═════ DATA FOR PROCESSING ═════

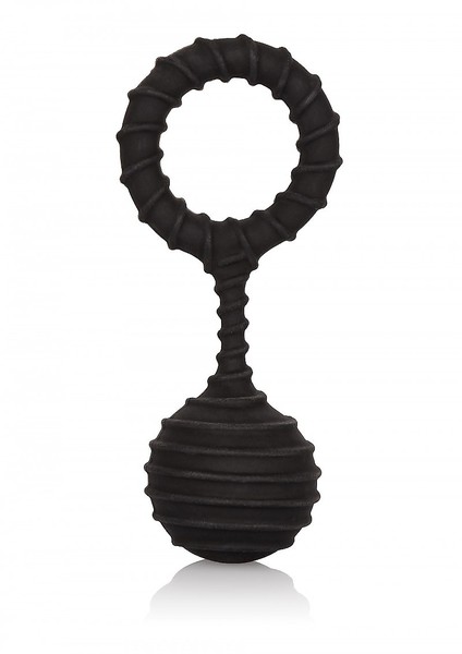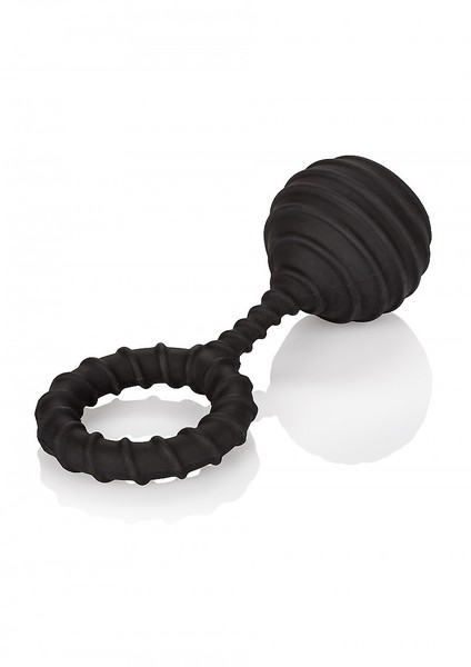 Geriffelter Penis/Hodenring aus stretchigem Silikon mit 3,25 cm Durchmesser. Das Kugelgewicht bring 110g auf die Waage.
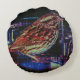 Almofada Redonda Cyberpunk Sparrow em Neon Cityscape
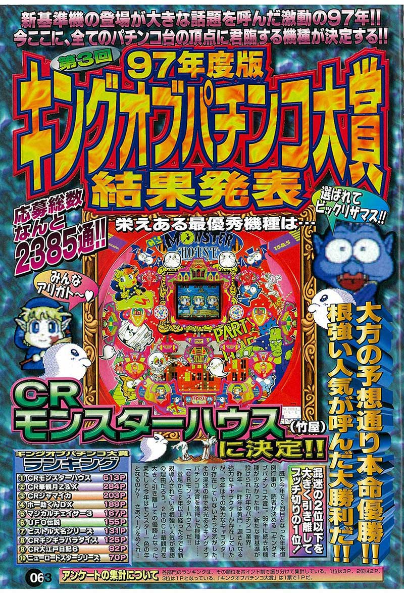 1998年の優勝は圧倒的大差をつけて「モンスターハウス」! その後もシリーズ機が多数作られているのでこれらのキャラクターを見たことがある人も多いハズだ。ちなみに本機のホール登場は1996年で、根強い人気を活かしての優勝ということになります。
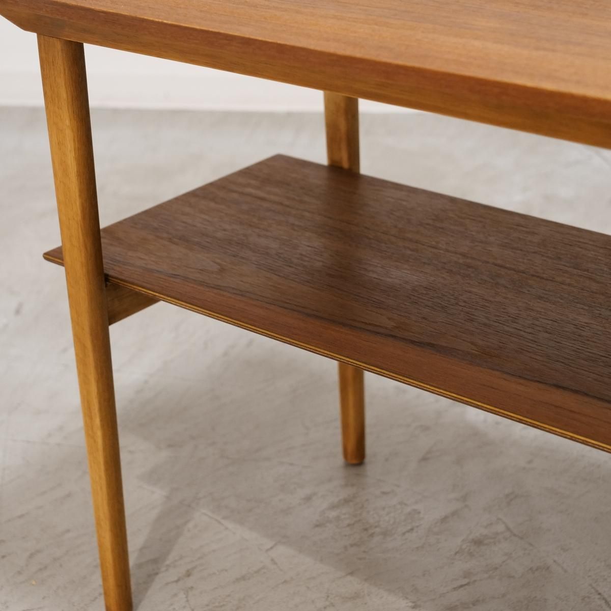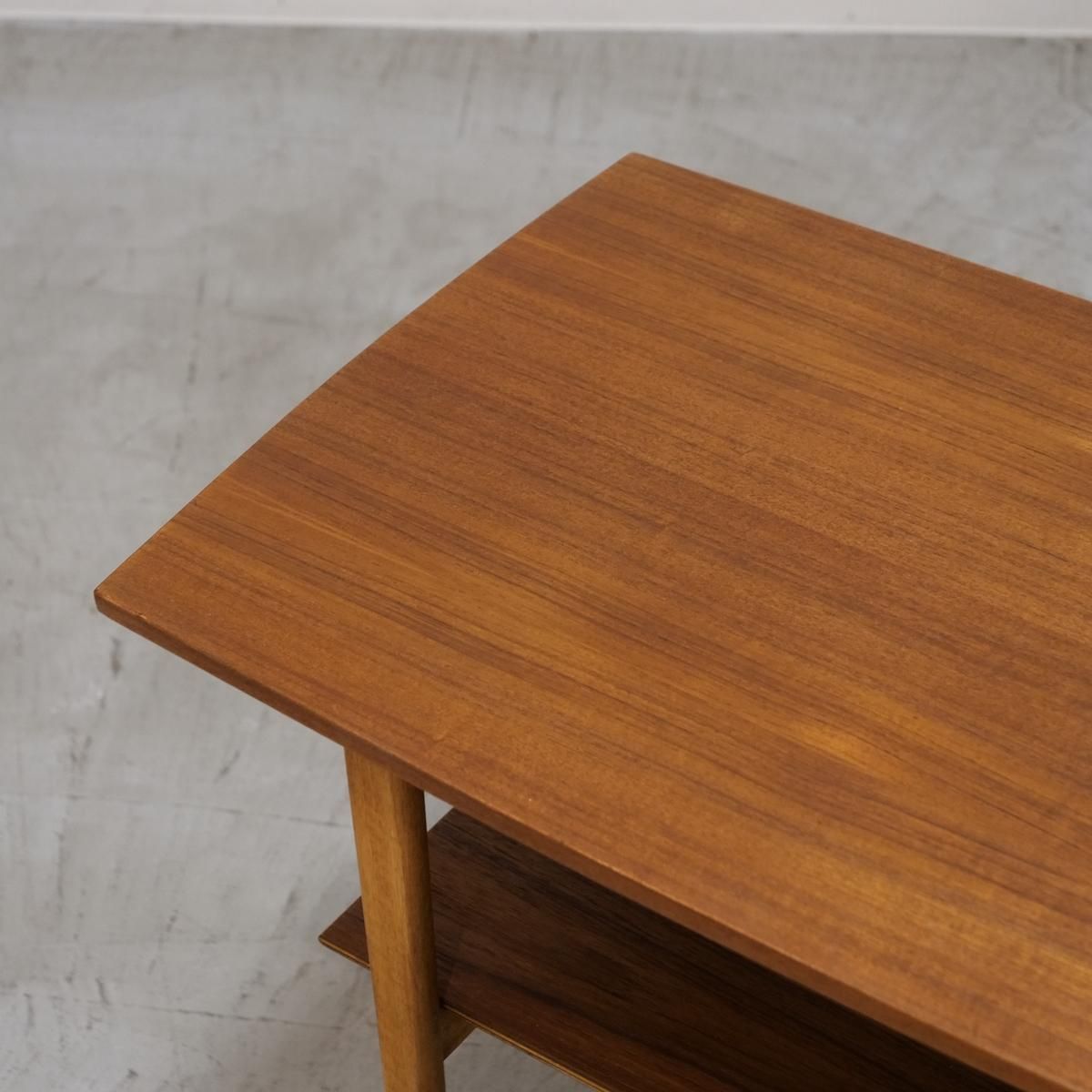 対して、脚に使われたビーチは、明るく素直な木目が特徴。チークの重厚さを、軽やかに支える。この対比が、視覚的な心地よさを生んでいる。下段の棚には雑誌を積んだり、小さな植物を置いたり。視線が落ちる場所に、さりげない景色をつくれるのがいい。
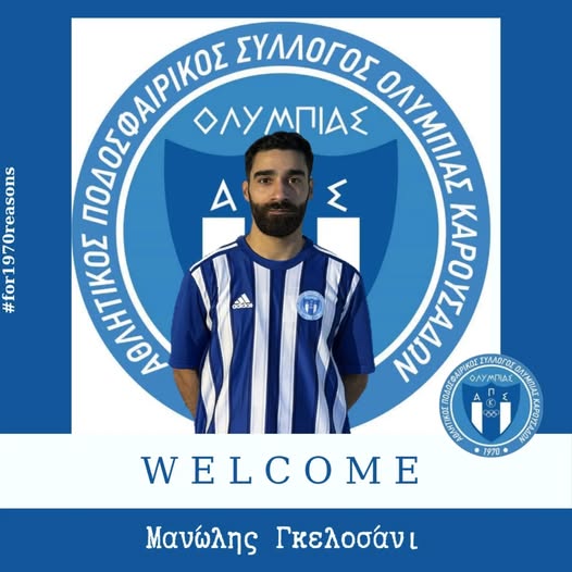 “Η Ολυμπιάδα Καρουσάδων ανακοινώνει την απόκτηση του ποδοσφαιριστή Μανώλη Γκελοσάνι, ο οποίος εντάσσεται στο ρόστερ της ομάδας μας ενόψει της συνέχειας των αγωνιστικών υποχρεώσεων.
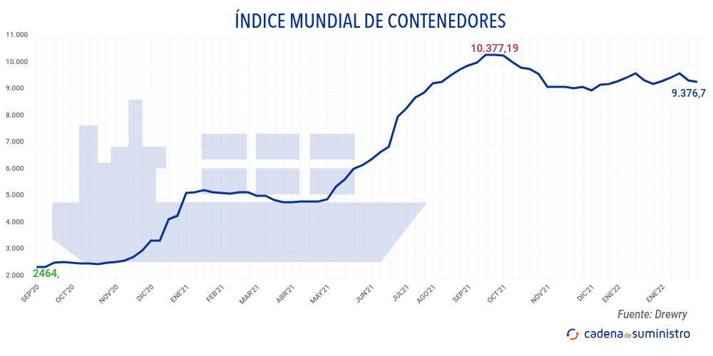 El Índice Mundial de Contenedores elaborado por Drewry, que evalúa las tasas de carga de contenedores en las ocho rutas principales hacia y desde Estados Unidos, Europa y Asia, se ha reducido en un 0,5% en la primera semana de febrero, con 9.376.70 dólares/FEU (8.185,86 euros).
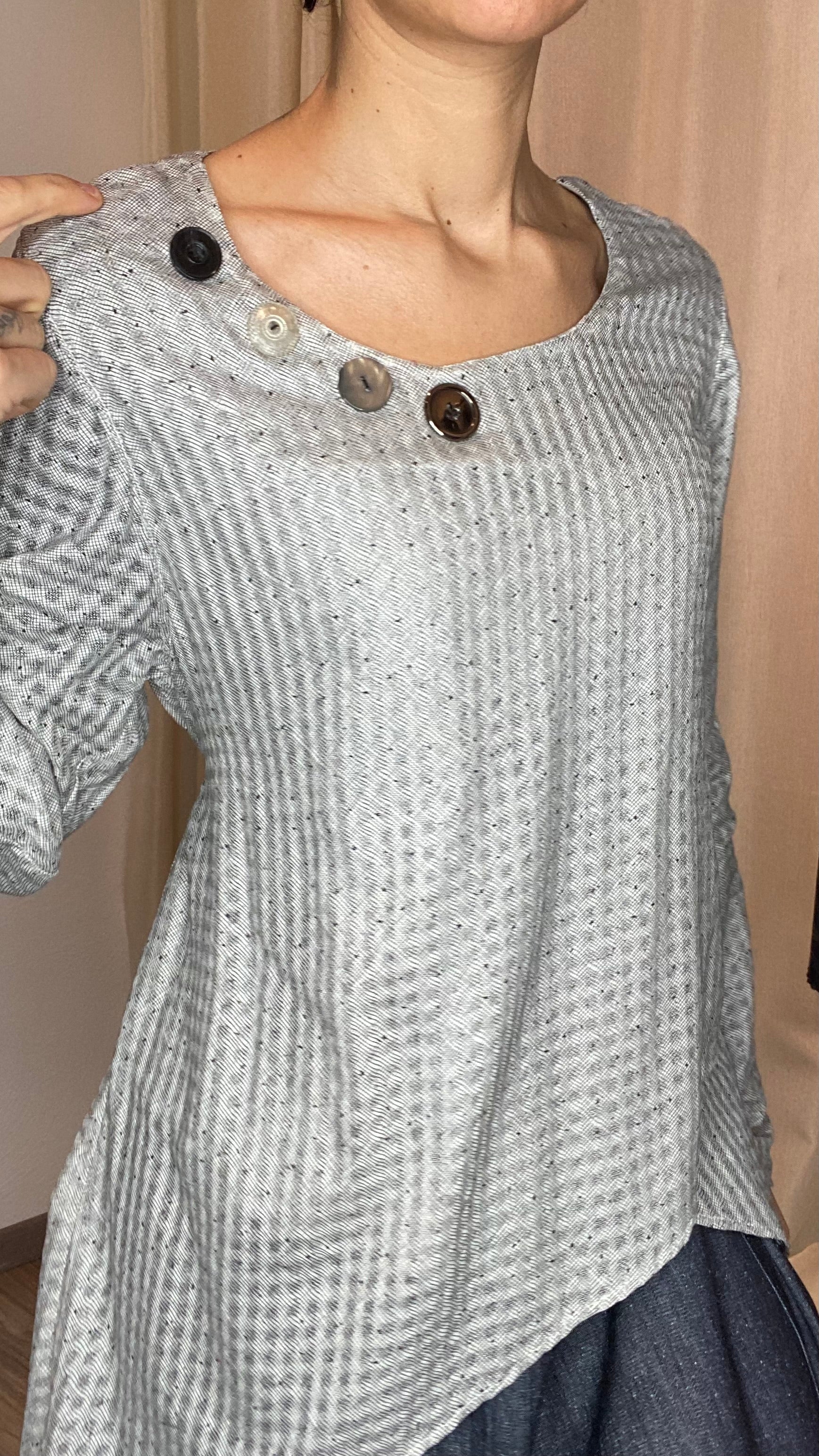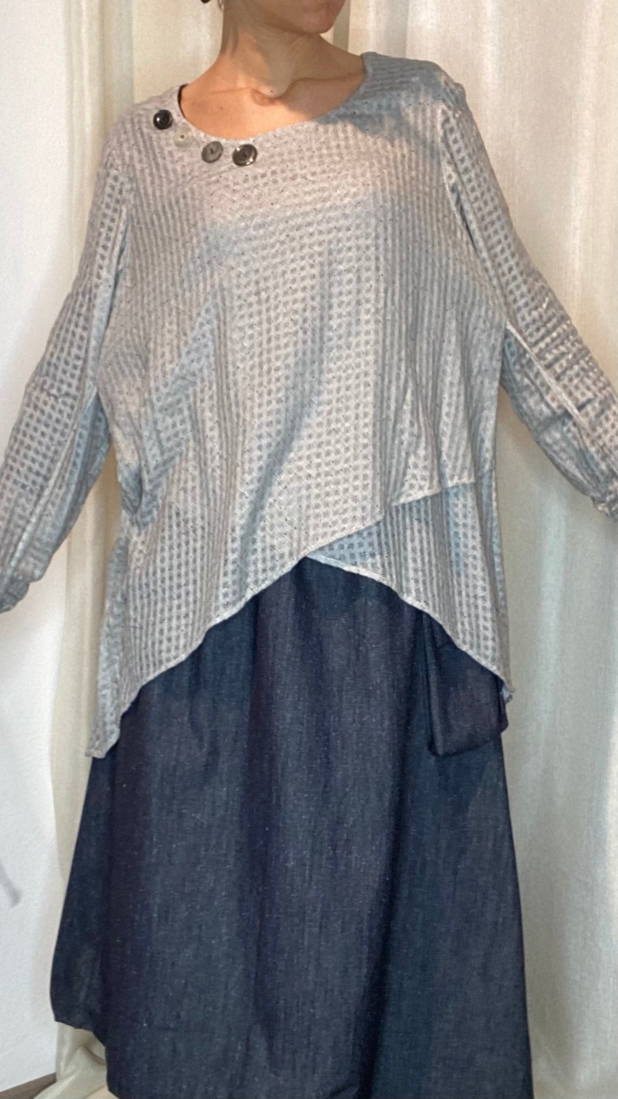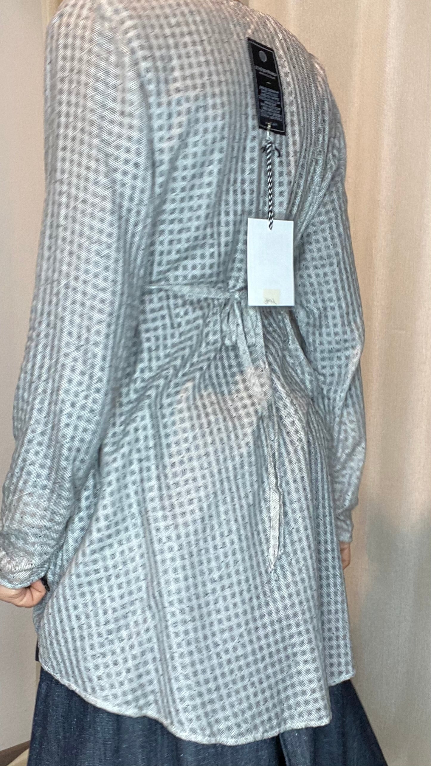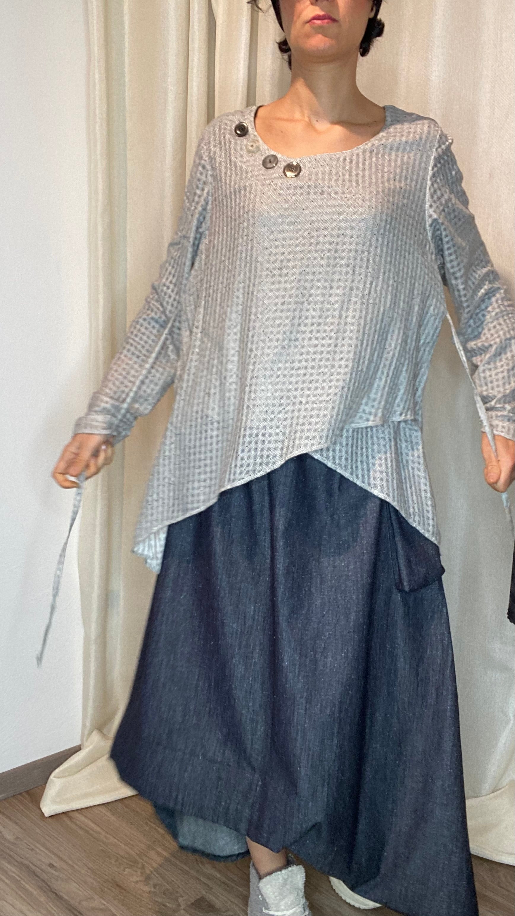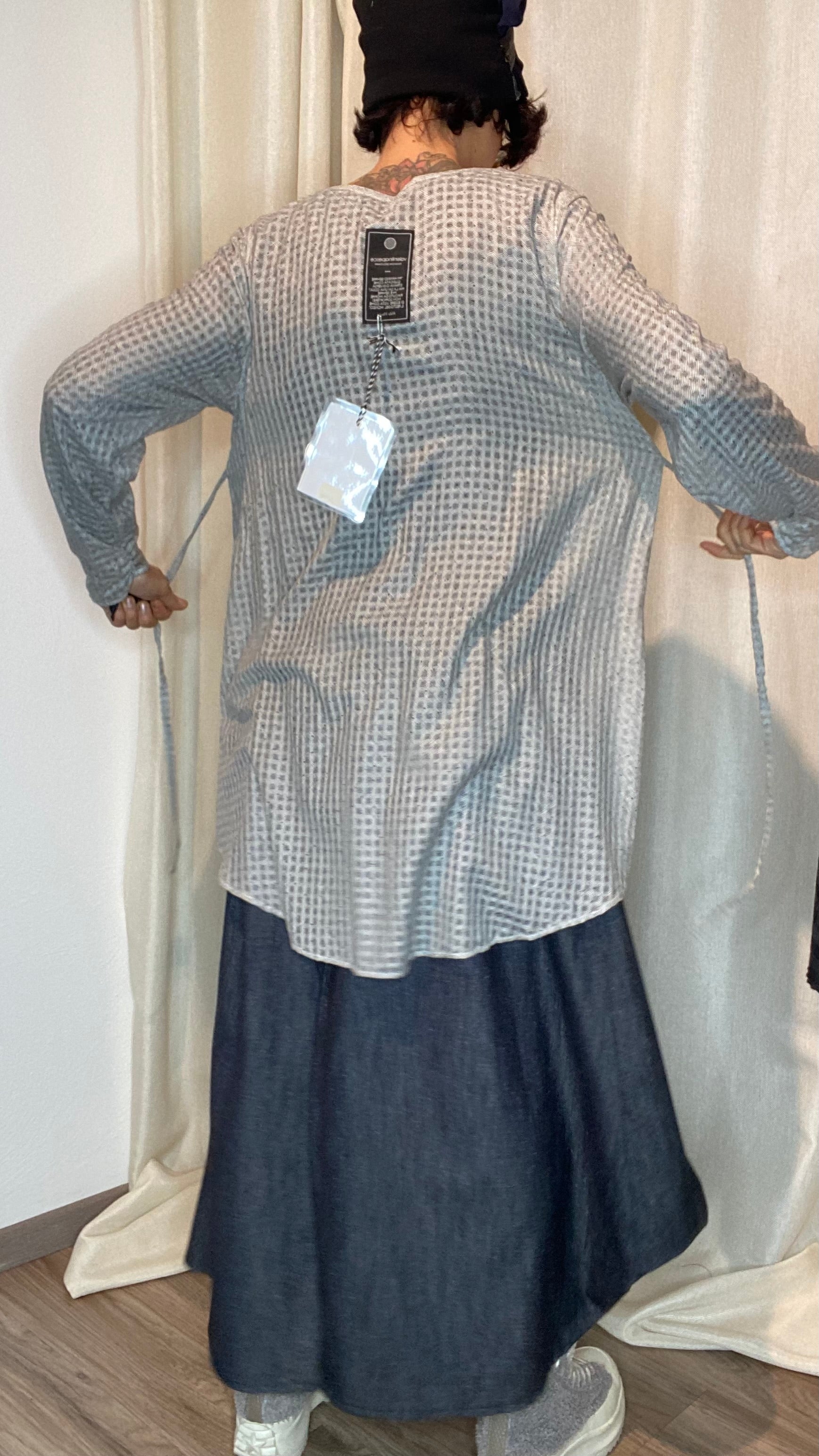 Casacca ampia in chiffon lavorato, con drappeggio sul davanti, bottoni applicati, regolabile in vita tramite laccetti. Taglia unica, veste dalla tg 38 alla tg 50.
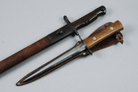 8-inch blade etched with the maker's name and address, smooth wooden grip, in its leather sheath; together with a bayonet for a P14 service rifle

═════

TASK INSTRUCTIONS:
Restate word for word every line from the top of the entries above to the line with "1998年の優勝は圧倒的大差", inclusive, and skip any pictures.

ANSWER SECTION:
 Geriffelter Penis/Hodenring aus stretchigem Silikon mit 3,25 cm Durchmesser. Das Kugelgewicht bring 110g auf die Waage.
 Almofada Redonda Cyberpunk Sparrow em Neon Cityscape
 1998年の優勝は圧倒的大差をつけて「モンスターハウス」! その後もシリーズ機が多数作られているのでこれらのキャラクターを見たことがある人も多いハズだ。ちなみに本機のホール登場は1996年で、根強い人気を活かしての優勝ということになります。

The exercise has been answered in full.